- [Problem statement] Omit the pictures and reproduce the rest of the listing exactly.

- [Exercise inputs]
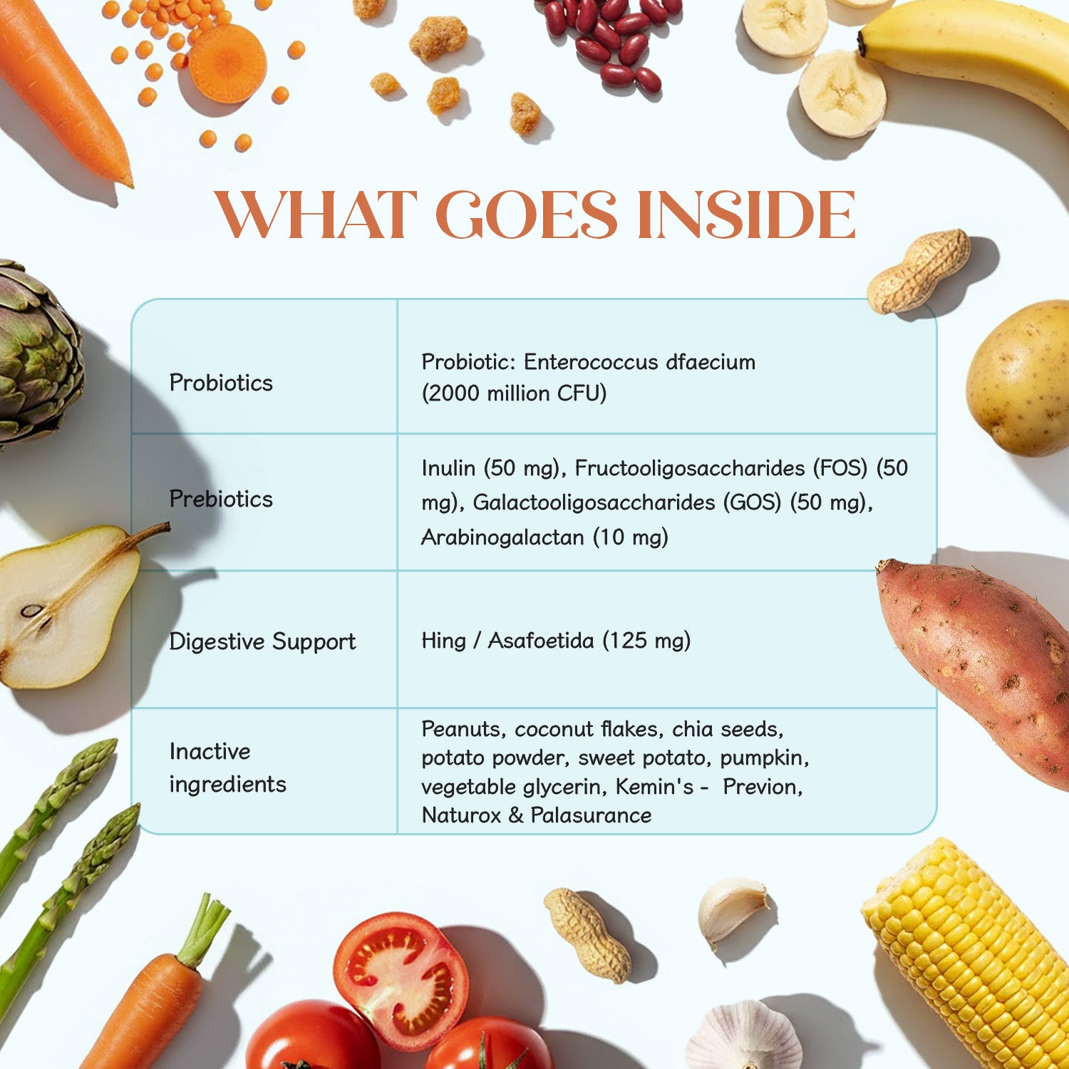 Multi-strain vegan probiotics and gut-friendly prebiotics (Inulin, FOS, GOS) support microbiome diversity and reduce bloating, gas, and bad poops.
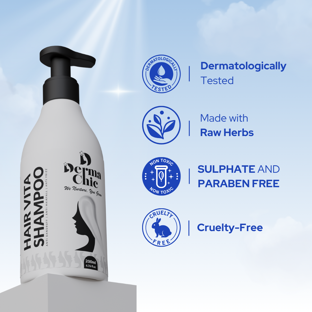 DermaChic Hair Vita Shampoo - Anti Dandruff | Anti Hairfall | Anti Frizz (200ml)
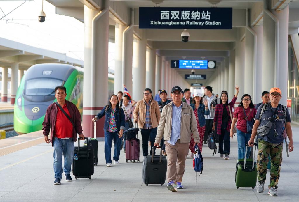 2月18日,来自泰国和老挝的游客抵达中老铁路西双版纳站。新华社记者陈欣波 摄
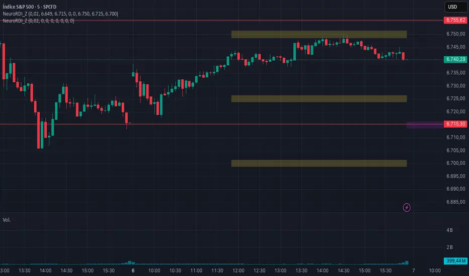 neurordi_z visualizes Gamma Push (support) and Gamma Resistance zones derived from options-market positioning. The script plots colored rectangles at user-defined price levels to highlight areas where market maker hedging can create directional pressure, absorption, or potential reversals.
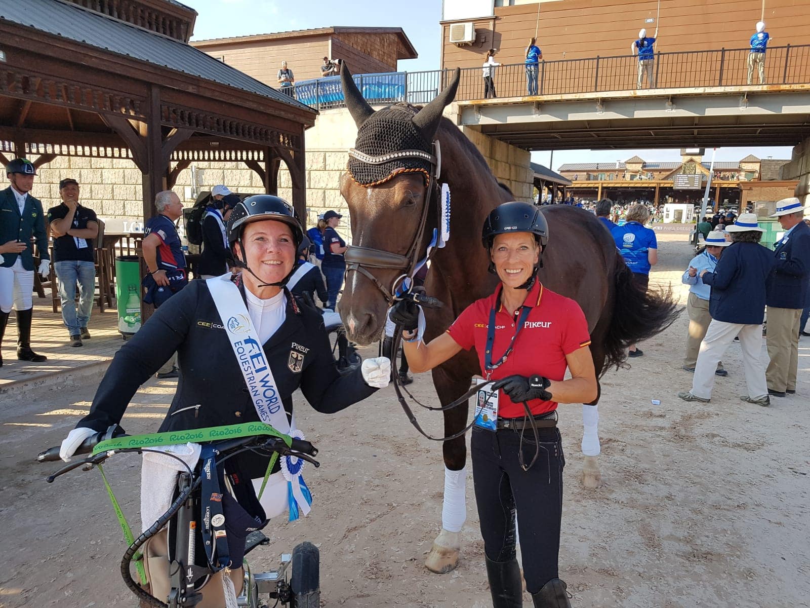 「自分のできる最高の演技をめざし、精いっぱい演技するしかなかったです。Rixtのスコアを知っての演技だったので、それを越えなければならないとわかっていました。なんといっていいかわかりません。まだ震えています。この馬は本当に素晴らしかった、素晴らしいとしか言えません。本当に、本当に、誇りに思います。(コーチの)リサが隅角をきっちり通らないとだめ、それができたら中間速歩がきちんとできる、そう言っていて、今日はずっと良くなった気がします。入ったときから馬に自信があるように思えました。
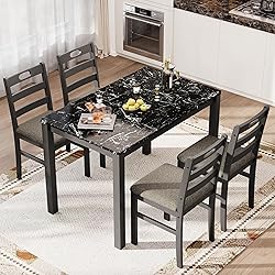 - PHI VILLA 5 Piece Dining Table Set for 4, Marble Design Kitchen Table Chairs Set of 4, Solid Wood Space-Saving Dining Room Table Set for Apartment, Veined Black Marble& Gray
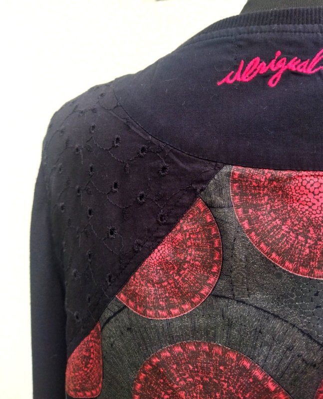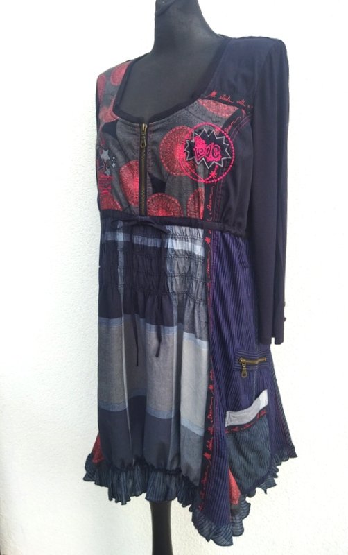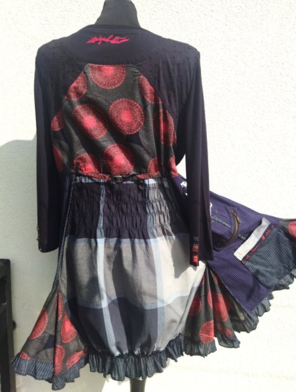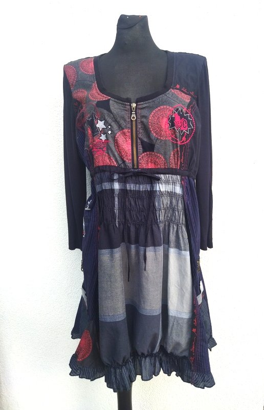 Świetna sukienka marki desigual z łączonych bawełnianych tkanin z charakterystycznymi dla tej marki zdobieniami i detalami.
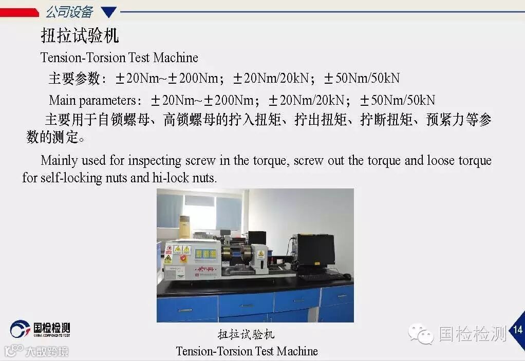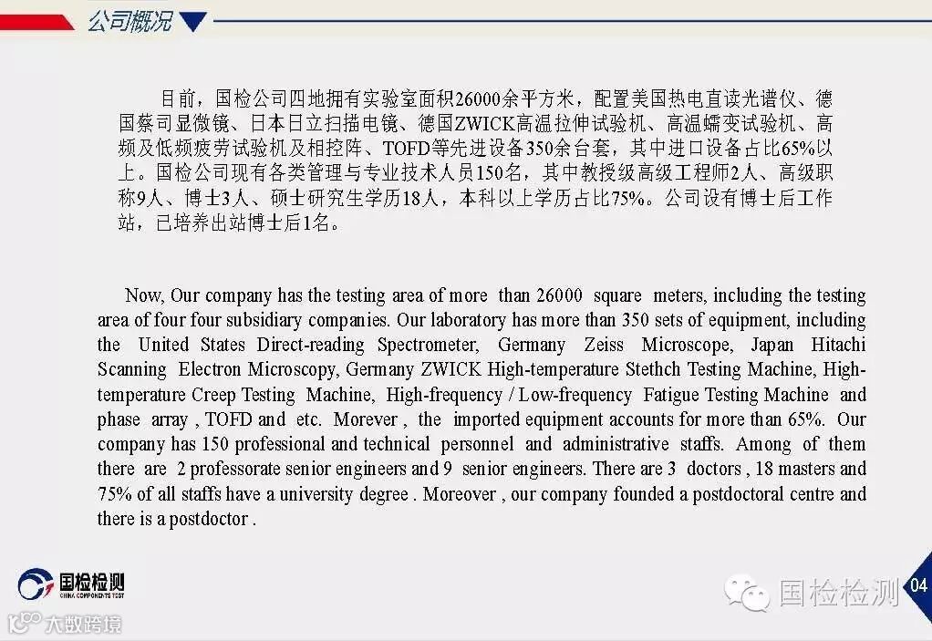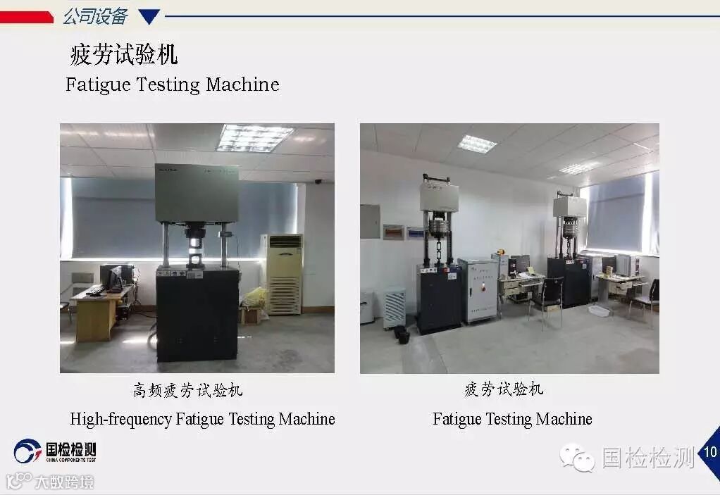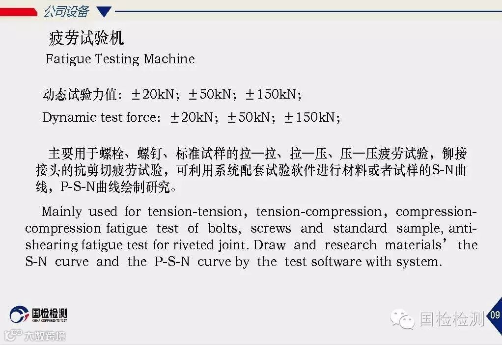 公司通过了CMA、CAL、CNAS、DILAC认可、NADCAP认证;可开展标准件系列产品、金属材料、机械零部件、焊接材料、轴承等检测;压力容器等无损检测;复合材料、橡胶、塑料、油漆等非金属材料检测;长度、力学、化学、热工、电学类校准.

- [Result for this task]
 Multi-strain vegan probiotics and gut-friendly prebiotics (Inulin, FOS, GOS) support microbiome diversity and reduce bloating, gas, and bad poops.
 DermaChic Hair Vita Shampoo - Anti Dandruff | Anti Hairfall | Anti Frizz (200ml)
 2月18日,来自泰国和老挝的游客抵达中老铁路西双版纳站。新华社记者陈欣波 摄
 neurordi_z visualizes Gamma Push (support) and Gamma Resistance zones derived from options-market positioning. The script plots colored rectangles at user-defined price levels to highlight areas where market maker hedging can create directional pressure, absorption, or potential reversals.
 「自分のできる最高の演技をめざし、精いっぱい演技するしかなかったです。Rixtのスコアを知っての演技だったので、それを越えなければならないとわかっていました。なんといっていいかわかりません。まだ震えています。この馬は本当に素晴らしかった、素晴らしいとしか言えません。本当に、本当に、誇りに思います。(コーチの)リサが隅角をきっちり通らないとだめ、それができたら中間速歩がきちんとできる、そう言っていて、今日はずっと良くなった気がします。入ったときから馬に自信があるように思えました。
 - PHI VILLA 5 Piece Dining Table Set for 4, Marble Design Kitchen Table Chairs Set of 4, Solid Wood Space-Saving Dining Room Table Set for Apartment, Veined Black Marble& Gray
 Świetna sukienka marki desigual z łączonych bawełnianych tkanin z charakterystycznymi dla tej marki zdobieniami i detalami.
 公司通过了CMA、CAL、CNAS、DILAC认可、NADCAP认证;可开展标准件系列产品、金属材料、机械零部件、焊接材料、轴承等检测;压力容器等无损检测;复合材料、橡胶、塑料、油漆等非金属材料检测;长度、力学、化学、热工、电学类校准.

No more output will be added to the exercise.